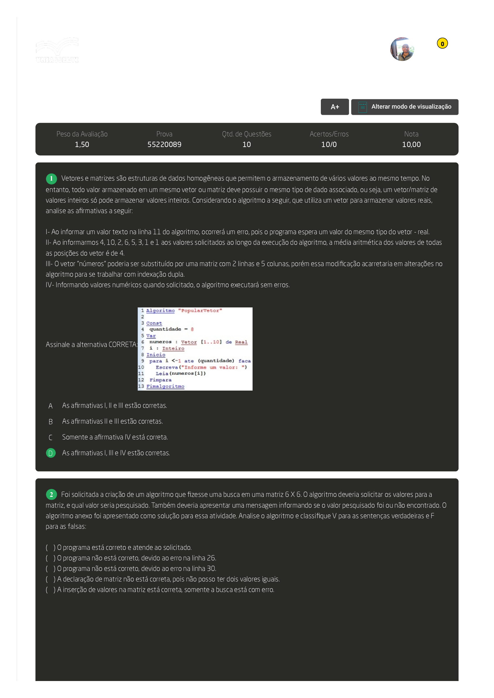 algoritmo anexo foi apresentado como solução para essa atividade. Analise o algoritmo e classifique V para as sentenças verdadeiras e F
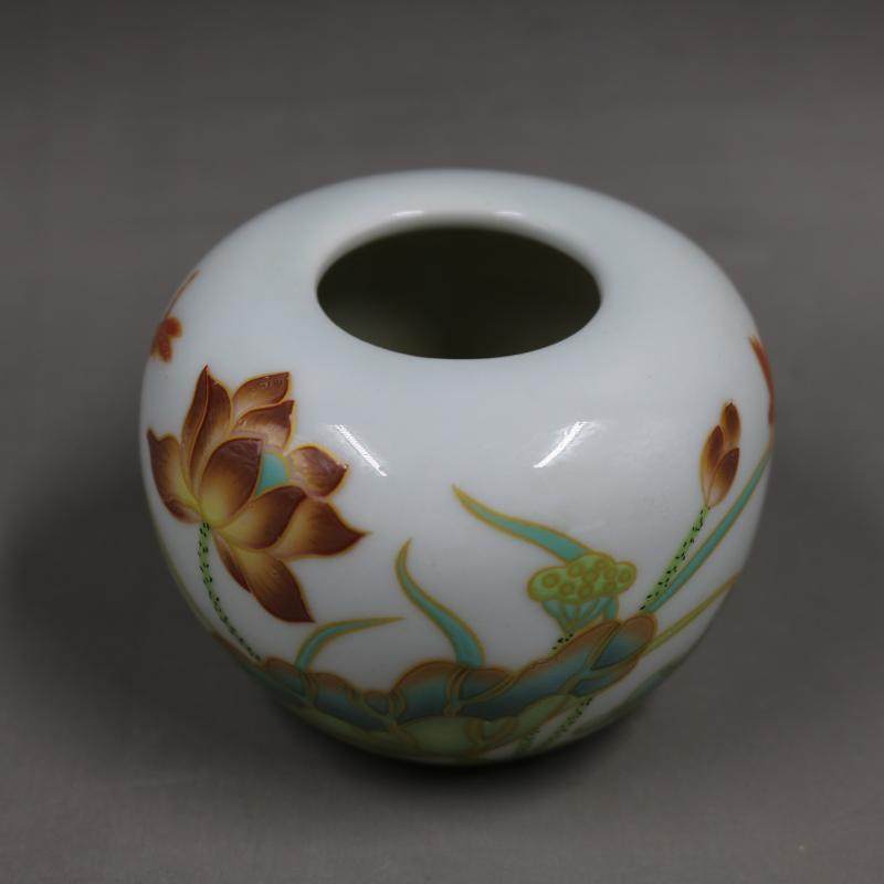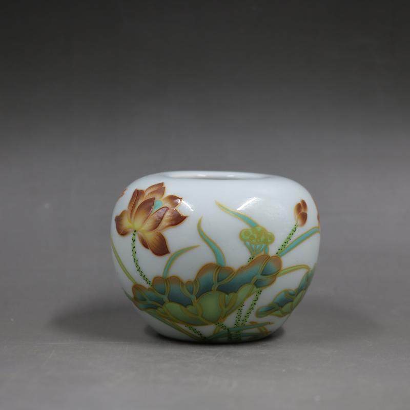 民國粉彩荷花荷葉清風水洗仿古瓷器家居文房擺件古董古玩老貨收藏1入
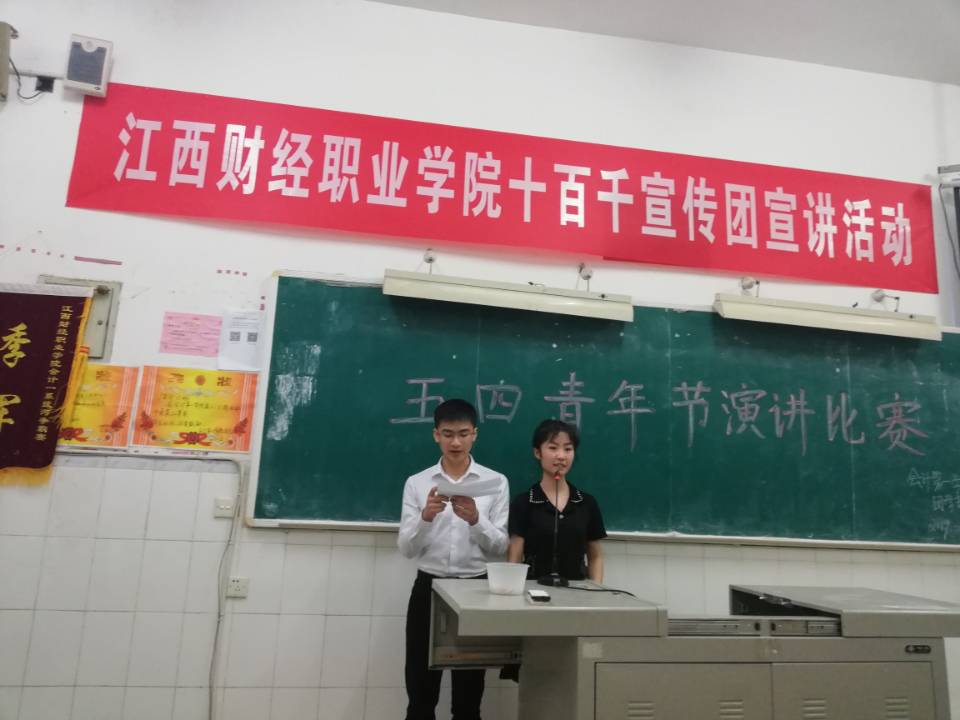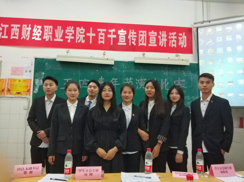 2019年6月10日19時,由江西財經職業學院會計第一學院團總支學生會舉辦的“傳承五四精神,爭做時代驕子”演講比賽決賽在教學樓108教室成功舉行。本次演講比賽由會計第一學院主持隊領隊張炳榕帶領主持。比賽在主持人精彩的開場白中拉開序幕。

[ABOUT THIS EXERCISE]:
Give the material again exactly as it is, but keep the pictures out.

[TASK RESULT]:
 algoritmo anexo foi apresentado como solução para essa atividade. Analise o algoritmo e classifique V para as sentenças verdadeiras e F
 民國粉彩荷花荷葉清風水洗仿古瓷器家居文房擺件古董古玩老貨收藏1入
 2019年6月10日19時,由江西財經職業學院會計第一學院團總支學生會舉辦的“傳承五四精神,爭做時代驕子”演講比賽決賽在教學樓108教室成功舉行。本次演講比賽由會計第一學院主持隊領隊張炳榕帶領主持。比賽在主持人精彩的開場白中拉開序幕。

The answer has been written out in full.